## Exercise description
The reply is to contain the full listing, repeated exactly, with pictures left out.

## Dataset section
****************

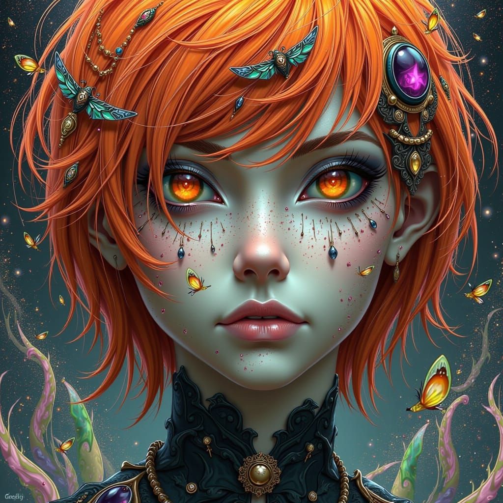 A striking gothic portrait of a melancholic young woman with short orange hair. The image blends abstract, post-punk, and tattoo art styles with dripped paint and swirling smoke.
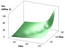 Рис. 4. ВВП (GDPeu) = f(X1, Х3)
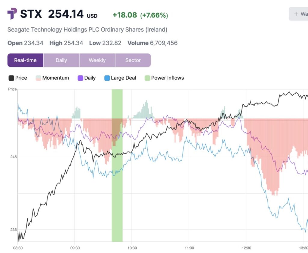 Seagate Technology Holdings Inc. (NASDAQ:STX) experienced a significant Power Inflow alert, a key bullish indicator that is closely tracked by traders who value order flow analytics, specifically institutional and retail order flow data.

****************

## Solved exercise
 A striking gothic portrait of a melancholic young woman with short orange hair. The image blends abstract, post-punk, and tattoo art styles with dripped paint and swirling smoke.
 Рис. 4. ВВП (GDPeu) = f(X1, Х3)
 Seagate Technology Holdings Inc. (NASDAQ:STX) experienced a significant Power Inflow alert, a key bullish indicator that is closely tracked by traders who value order flow analytics, specifically institutional and retail order flow data.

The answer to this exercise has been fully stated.